Note: bowtie2mrf assumes that bowtie was run using the default option for the -B parameter

-B/--offbase <int> leftmost ref offset = <int> in bowtie output (default: 0)


Top

psl2mrf

psl2mrf converts read alignments from BLAT into MRF.

Usage:

psl2mrf
  • Inputs: Takes BLAT alignments in PSL format from STDIN
  • Outputs: Reports MRF to STDOUT
  • Required arguments
    • None
  • Optional arguments
    • None


Top

singleExport2mrf

singleExport2mrf converts single-end read alignments from ELAND (export file) into MRF.

Usage:

singleExport2mrf
  • Inputs: Takes ELAND single-end alignments in export format from STDIN
  • Outputs: Reports MRF to STDOUT
  • Required arguments
    • None
  • Optional arguments
    • None


Top

sam2mrf

sam2mrf converts SAM format into MRF

Usage:

sam2mrf
  • Inputs: Takes SAM format from STDIN
  • Outputs: Reports MRF to STDOUT
  • Required arguments
    • None
  • Optional arguments
    • None

Please note that for paired-end data, sam2mrf requires the mate pairs to be on subsequent lines.
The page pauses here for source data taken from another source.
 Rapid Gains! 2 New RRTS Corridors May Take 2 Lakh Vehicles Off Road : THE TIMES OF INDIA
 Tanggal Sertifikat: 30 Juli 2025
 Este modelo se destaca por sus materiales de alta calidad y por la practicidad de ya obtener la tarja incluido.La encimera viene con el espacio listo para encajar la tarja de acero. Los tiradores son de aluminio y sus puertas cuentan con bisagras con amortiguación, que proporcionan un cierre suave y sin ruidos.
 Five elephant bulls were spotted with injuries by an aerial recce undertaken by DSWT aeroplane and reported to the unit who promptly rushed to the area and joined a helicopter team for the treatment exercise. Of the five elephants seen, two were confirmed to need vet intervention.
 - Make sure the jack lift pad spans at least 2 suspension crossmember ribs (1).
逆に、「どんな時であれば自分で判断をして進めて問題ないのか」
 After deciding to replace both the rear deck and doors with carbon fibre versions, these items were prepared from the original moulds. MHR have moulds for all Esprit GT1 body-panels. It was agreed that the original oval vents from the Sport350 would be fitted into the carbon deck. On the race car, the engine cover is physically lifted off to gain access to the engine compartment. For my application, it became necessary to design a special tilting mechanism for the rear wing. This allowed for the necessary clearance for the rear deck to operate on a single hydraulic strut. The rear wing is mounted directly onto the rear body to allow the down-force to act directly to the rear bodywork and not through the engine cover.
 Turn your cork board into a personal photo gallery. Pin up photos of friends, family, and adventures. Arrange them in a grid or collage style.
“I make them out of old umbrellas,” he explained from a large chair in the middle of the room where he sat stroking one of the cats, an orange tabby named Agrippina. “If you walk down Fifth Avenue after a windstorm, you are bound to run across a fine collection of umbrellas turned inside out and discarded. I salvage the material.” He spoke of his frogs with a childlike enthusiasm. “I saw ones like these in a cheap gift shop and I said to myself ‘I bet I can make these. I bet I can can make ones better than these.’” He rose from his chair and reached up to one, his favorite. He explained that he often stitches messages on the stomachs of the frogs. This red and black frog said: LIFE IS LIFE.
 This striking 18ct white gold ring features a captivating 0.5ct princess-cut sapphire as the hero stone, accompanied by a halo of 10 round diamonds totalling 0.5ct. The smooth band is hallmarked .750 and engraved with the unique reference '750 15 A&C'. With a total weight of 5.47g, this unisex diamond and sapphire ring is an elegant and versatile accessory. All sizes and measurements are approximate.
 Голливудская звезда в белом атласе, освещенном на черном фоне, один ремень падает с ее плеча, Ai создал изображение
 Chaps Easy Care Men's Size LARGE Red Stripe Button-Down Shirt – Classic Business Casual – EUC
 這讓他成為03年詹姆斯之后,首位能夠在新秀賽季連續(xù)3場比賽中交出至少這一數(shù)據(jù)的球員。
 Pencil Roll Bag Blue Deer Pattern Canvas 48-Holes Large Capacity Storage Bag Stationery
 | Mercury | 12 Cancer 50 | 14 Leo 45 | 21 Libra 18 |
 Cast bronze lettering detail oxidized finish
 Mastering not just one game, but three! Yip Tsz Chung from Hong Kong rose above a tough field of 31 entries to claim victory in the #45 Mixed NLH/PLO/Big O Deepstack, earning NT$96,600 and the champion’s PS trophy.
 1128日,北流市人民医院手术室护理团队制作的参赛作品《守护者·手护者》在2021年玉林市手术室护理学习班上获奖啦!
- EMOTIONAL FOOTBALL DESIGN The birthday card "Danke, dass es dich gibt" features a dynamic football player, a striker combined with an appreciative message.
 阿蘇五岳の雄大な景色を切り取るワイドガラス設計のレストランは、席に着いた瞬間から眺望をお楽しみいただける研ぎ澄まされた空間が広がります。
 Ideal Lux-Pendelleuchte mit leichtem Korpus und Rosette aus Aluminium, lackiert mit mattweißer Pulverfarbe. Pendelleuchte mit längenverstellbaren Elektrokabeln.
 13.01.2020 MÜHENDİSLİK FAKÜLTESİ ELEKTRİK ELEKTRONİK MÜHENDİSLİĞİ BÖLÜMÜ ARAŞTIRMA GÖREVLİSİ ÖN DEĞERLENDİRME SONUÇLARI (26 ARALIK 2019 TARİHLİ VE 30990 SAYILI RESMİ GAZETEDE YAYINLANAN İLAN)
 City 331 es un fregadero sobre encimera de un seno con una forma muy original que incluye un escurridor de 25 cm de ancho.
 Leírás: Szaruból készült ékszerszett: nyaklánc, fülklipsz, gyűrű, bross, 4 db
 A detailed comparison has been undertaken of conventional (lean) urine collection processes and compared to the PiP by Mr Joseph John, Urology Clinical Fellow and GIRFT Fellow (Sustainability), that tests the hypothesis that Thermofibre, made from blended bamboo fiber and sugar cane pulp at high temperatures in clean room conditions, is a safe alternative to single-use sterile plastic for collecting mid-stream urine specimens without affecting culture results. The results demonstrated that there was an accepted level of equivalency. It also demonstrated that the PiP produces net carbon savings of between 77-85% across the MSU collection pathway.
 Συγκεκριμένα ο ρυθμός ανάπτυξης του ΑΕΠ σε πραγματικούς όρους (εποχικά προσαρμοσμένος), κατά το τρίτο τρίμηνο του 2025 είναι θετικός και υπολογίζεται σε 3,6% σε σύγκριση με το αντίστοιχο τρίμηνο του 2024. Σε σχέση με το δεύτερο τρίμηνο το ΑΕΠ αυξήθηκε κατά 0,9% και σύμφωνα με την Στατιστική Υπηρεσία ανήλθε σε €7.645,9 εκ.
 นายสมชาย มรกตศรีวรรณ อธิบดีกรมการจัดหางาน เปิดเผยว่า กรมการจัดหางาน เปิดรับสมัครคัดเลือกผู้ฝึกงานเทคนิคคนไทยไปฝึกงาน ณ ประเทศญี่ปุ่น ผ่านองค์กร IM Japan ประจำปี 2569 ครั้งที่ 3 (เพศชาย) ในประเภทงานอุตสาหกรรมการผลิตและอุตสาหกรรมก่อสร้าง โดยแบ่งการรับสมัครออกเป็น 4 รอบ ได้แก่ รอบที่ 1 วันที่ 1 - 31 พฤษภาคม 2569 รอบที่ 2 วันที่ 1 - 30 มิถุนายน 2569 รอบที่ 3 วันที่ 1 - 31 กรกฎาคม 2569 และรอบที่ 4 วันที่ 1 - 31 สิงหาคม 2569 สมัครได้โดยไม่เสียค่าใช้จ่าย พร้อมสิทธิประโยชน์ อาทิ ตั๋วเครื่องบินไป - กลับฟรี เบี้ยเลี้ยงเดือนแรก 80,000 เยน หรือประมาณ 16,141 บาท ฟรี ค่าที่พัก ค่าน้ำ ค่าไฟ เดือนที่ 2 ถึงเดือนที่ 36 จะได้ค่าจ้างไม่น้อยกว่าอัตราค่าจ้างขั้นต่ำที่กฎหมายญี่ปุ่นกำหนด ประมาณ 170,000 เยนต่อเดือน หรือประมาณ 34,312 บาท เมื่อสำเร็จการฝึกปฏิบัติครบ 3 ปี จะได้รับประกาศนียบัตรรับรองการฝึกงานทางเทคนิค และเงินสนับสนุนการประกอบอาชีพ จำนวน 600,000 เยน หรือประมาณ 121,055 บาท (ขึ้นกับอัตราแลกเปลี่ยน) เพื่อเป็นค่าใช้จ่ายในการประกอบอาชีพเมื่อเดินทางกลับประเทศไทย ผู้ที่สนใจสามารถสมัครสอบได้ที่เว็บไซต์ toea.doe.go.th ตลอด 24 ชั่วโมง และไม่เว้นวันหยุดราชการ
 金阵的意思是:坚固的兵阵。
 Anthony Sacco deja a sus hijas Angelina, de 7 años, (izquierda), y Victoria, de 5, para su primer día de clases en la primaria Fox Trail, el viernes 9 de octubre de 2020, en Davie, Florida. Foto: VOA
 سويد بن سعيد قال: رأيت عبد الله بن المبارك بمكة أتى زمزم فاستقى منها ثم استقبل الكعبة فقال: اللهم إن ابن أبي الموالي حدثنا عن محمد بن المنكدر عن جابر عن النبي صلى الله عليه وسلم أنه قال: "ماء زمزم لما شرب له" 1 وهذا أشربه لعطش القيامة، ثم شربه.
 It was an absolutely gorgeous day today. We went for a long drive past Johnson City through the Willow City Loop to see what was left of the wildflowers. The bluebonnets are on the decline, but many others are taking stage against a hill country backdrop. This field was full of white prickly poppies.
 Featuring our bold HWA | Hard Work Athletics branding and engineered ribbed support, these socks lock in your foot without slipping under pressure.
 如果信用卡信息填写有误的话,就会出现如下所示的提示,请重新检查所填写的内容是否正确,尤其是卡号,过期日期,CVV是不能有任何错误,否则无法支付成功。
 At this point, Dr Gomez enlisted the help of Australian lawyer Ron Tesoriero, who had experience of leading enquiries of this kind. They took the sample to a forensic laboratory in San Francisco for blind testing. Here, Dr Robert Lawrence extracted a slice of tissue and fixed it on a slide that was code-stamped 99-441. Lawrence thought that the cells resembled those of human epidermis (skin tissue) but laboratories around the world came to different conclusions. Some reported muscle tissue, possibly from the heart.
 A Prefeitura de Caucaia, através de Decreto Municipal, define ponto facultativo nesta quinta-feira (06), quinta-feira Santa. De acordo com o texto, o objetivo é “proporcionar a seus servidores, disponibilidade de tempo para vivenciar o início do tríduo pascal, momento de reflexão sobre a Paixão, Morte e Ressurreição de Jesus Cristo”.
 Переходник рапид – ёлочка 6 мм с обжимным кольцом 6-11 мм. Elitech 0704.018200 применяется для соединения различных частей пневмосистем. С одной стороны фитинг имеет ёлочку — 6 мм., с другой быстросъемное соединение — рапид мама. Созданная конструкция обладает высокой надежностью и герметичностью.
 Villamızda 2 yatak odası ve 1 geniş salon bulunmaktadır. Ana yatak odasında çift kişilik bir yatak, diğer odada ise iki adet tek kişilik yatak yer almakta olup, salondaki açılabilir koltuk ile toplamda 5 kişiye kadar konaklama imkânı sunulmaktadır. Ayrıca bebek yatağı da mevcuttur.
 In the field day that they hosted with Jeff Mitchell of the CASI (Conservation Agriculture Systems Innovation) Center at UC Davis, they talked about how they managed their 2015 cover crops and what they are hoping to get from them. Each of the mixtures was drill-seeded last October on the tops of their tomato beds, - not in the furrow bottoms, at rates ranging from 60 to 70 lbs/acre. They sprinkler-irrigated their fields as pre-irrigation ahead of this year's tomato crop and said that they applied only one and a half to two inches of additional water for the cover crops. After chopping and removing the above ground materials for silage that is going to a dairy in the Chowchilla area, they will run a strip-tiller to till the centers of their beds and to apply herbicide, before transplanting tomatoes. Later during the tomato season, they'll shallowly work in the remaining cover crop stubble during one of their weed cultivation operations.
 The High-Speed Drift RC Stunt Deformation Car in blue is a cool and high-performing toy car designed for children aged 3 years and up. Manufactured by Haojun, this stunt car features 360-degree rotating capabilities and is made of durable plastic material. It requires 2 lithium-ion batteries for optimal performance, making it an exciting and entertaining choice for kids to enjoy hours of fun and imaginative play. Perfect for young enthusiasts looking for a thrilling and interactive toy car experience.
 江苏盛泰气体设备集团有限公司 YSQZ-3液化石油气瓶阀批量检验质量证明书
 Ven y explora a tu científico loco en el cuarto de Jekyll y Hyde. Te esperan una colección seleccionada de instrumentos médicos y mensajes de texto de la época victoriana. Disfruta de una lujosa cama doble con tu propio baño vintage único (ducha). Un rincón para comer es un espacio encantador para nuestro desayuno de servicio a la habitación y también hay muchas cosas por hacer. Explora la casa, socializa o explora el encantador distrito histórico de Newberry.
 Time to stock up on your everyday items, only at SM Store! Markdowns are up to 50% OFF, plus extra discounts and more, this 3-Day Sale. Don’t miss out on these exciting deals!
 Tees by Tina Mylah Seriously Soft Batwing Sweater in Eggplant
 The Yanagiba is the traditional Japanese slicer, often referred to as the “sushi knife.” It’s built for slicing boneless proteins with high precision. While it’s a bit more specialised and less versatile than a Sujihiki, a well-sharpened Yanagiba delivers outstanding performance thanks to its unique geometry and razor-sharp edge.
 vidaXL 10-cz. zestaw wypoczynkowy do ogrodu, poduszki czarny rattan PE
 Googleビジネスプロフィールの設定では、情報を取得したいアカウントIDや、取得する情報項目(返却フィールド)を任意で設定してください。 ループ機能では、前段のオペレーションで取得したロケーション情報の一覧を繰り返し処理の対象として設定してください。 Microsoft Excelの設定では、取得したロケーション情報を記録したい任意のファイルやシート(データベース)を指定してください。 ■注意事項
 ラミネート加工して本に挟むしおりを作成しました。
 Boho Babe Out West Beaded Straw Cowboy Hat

You may want to sort the SAM file first.

Example:
sort -r file.sam | sam2mrf > file.mrf 


Genome annotation tools

The following tools are helpful in manipulating annotation files.

Top

createSpliceJunctionLibrary

This program is used to create a splice junction library from an annotation set. It creates all pair-wise splice junctions within a transcript.

Usage:

createSpliceJunctionLibrary <file.2bit> <file.annotation> <sizeExonOverlap>
  • Inputs: None
  • Outputs: Reports the slice junctions in FASTA format
  • Required arguments
    • file.2bit - genome reference sequence in 2bit format
    • file.annotation - annotation set in Interval format (each line represents one transcript)
    • sizeExonOverlap - defines the number of nucleotides included from each exon
  • Optional arguments
    • None

Example output:

>chr1|12162|12612|65
AGGCATAGGGGAAAGATTGGAGGAAAGATGAGTGAGAGCATCAACTTCTCTCACAACCTAGGCCAGTGTGTGGTGATGCCAGGCATGCCCTTCCCCAGCATCAGGTCTCCAGAGCTGCAGAAGACGACGG
>chr1|12162|13220|65
AGGCATAGGGGAAAGATTGGAGGAAAGATGAGTGAGAGCATCAACTTCTCTCACAACCTAGGCCAGCAGGGCCATCAGGCACCAAAGGGATTCTGCCAGCATAGTGCTCCTGGACCAGTGATACACCCGG
>chr1|12656|13220|65
CAGAGCTGCAGAAGACGACGGCCGACTTGGATCACACTCTTGTGAGTGTCCCCAGTGTTGCAGAGGCAGGGCCATCAGGCACCAAAGGGATTCTGCCAGCATAGTGCTCCTGGACCAGTGATACACCCGG

The identifier for each splice junction consists of four items:

1.   Chromosome
2.   Start position (with respect to the "+", zero-based) of the splice junction within the first exon  
3.   Start position (with respect to the "+", zero-based) of the splice junction within the second exon  
4.   Size of the exon overlap

Note: Internally the program uses twoBitToFa (part of BLAT package). Thus, the executable must be in the PATH.


Top

mergeTranscripts

Module to merge a set of transcripts from the same gene.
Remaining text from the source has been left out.